In a new report released by the CDC, school closures and distance learning have had a negative impact on student mental health. In a study titled “Mental Health, Suicidality and Connectedness Among High School Students During the COVID-19 Pandemic,” survey results showed that more than a third (37%) of students surveyed said they experienced poor mental health and 44% reported they persistently felt sad or hopeless during the past year.
Vulnerable students fared worse: lesbian, gay, and bisexual youth, and female youth reported greater levels of poor mental health, and over a third (36%) of students said they experienced racism before or during the pandemic.

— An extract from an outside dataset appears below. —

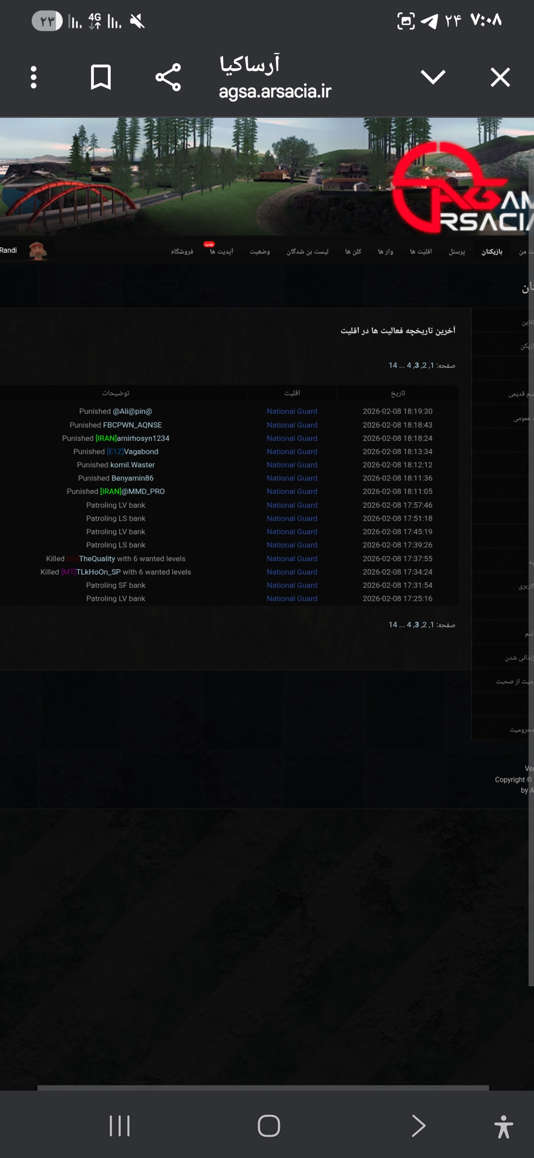 Ever ارسال شده در 3 ساعت قبل اشتراک گذاری ارسال شده در 3 ساعت قبل • عکس از اطلاعات کنترل پنل شما: • عکس از اطلاعات کنترل پنل شخصی که می خواهید گزارش دهید: • توضیحات: یک عضو نمی تواند طی 60 دقیقه دو بار یک بانک مشخص را پشت سر هم BankPatrol/ بزند. (مجازات: Faction Warn) بانک پاترول SFBANK در تاریخ : 2026-02-10 - 12:53:15 و دیگری 2026-02-10 13:17:30 SF BANK • شاهد ها: - • مدرک/عکس یا فیلم: Click • عکس از اطلاعات کنترل پنل شما: • عکس از اطلاعات کنترل پنل شخصی که می خواهید گزارش دهید: • توضیحات: درود؛ بانک پاترول اول در تاریخ : 2026-02-08 17:39:26 دیگری در تاریخ : 2026-02-08 17:51:18 یک عضو نمی تواند طی 60 دقیقه دو بار یک بانک مشخص را پشت سر هم BankPatrol/ بزند. (مجازات: Faction Warn) • شاهد ها: • مدرک/عکس یا فیلم: Click لینک به دیدگاه https://forum.arsacia.ir/topic/39-%DA%AF%D8%B2%D8%A7%D8%B1%D8%B4-%D8%A7%D8%B9%D8%B6%D8%A7/page/148/#findComment-1080206 به اشتراک گذاری در سایت های دیگر تنظیمات بیشتر اشتراک گذاری...

These findings are generally consistent with the Surgeon General’s Advisory on youth mental health, noting that there were concerns prior to the pandemic that have been exacerbated during the ongoing public health crisis.
As Congress continues to debate next steps in addressing mental health needs, it should be noted that the CDC concludes that comprehensive strategies that improve feelings of connectedness with others in the family, in the community, and at school might foster improved mental health among teens during and after the COVID-19 pandemic. Students who felt connected to adults and peers at school were less likely to report persistent sadness or hopelessness (35% vs. 53%), seriously considering suicide (14% vs. 26%), or attempting suicide (6% vs. 12%).
Successful legislative solutions to this crisis will likely cross sectors and require collaboration among mental health, education, and child welfare professionals, among others.